A millipede has a body that is made up of numerous parts and the first four parts of a millipede’s body are the thoracic parts which each bear a single pair of legs. The stomach part of the millipede has two sets of legs. When a millipede wants to get rid of an enemy, they simply roll into a defensive ball, and many millipedes can do one of three different things to get rid of the enemy. The second way that a millipede gets rid of an enemy is to give out a poisonous gas or a foul odor. Some of the millipede are adapted to become powerful burrowers that will burrow into the ground to get away from enemies as well as bad weather.

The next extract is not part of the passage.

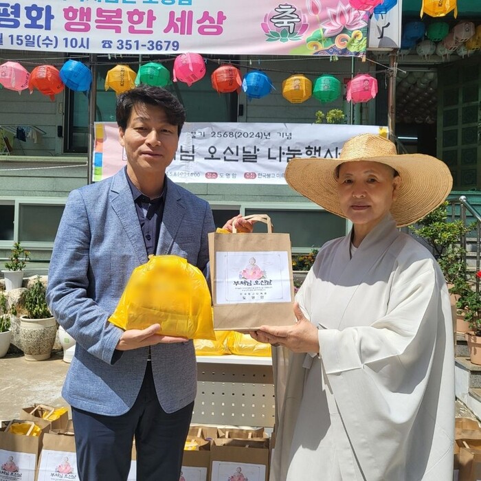 매년 봉축 기간에 자비 나눔을 실천하고 있는 도명암은 올해도 유기농 식빵을 구산동주민센터에 전달했다. 이날 ‘자비 나눔 전달식’에는 박재균 구산동장과 주지 묘각 스님, 도명암 신도회 임원 등이 자리를 함께했다.

Archispirostreptus gigas, a giant African millipede, feeding on a fruit. © Bill Bumgarner.
What do they eat?
There are over ten thousand different types of millipede in the world and they are detritivores, which means they live off decaying plants and animal matter found the moist microhabitats. They will moisturize the food with their secretions and they will scrape the food in with their jaw. Millipedes will get the moisture that they need from the green grass, green leaves, and the soft roots of the living plants that they eat.

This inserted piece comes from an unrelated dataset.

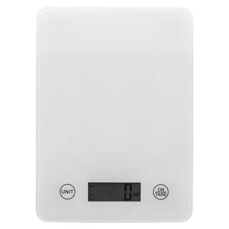 Bilancia da cucina digitale con piattaforma di pesatura in vetro temperato e batteria ricaricabile USB integrata (200 mAh). Capacità: 5 kg, scala di 1 g, unità di misura: g/oz. Con indicatore in ml di acqua/latte. Fornita con cavo di ricarica USB

Not all eat decaying matters
Narceus americanus, an adult American giant millipede, feeding on a cucumber. © Matt Reinbold.

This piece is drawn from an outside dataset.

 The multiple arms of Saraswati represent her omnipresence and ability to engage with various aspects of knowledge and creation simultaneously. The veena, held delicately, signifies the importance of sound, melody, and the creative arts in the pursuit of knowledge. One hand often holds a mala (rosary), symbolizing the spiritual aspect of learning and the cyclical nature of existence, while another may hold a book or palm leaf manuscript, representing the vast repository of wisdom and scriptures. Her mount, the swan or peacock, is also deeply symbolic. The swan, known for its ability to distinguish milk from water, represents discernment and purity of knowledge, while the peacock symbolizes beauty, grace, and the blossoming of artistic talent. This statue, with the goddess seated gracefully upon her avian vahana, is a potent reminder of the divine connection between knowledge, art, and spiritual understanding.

Most millipedes are herbivorous and will feed on decomposing vegetation or organic matter that is mixed with the top soil. A few species of millipedes are considered to be omnivorous or carnivorous which means they will prey on small insects, young centipedes and earthworms . Some species of millipede have piercing mouth parts that allow them to feed on the plant juices.
Their digestive system
The digestive part of the millipede is simply a tube with two pairs of salivary glands to help digest the food that millipede is lucky enough to find. Many millipedes will moisten their food with their saliva.
Where are they found?
Millipedes prefer to live outside, since they need a lot of moisture, and enjoy living in damp areas. They will be found living in gardens and flowerbeds. They will live under mulch, dead leaves, and grass clippings.
They are a minor pest
They are considered to be minor pest in either a garden or a greenhouse, because they can cause severe damage to emergent seedlings. Signs of the damage that they can cause are the stripping of outer leaves of a young plant stem, and they can also cause irregular damage to leaves and the plant itself.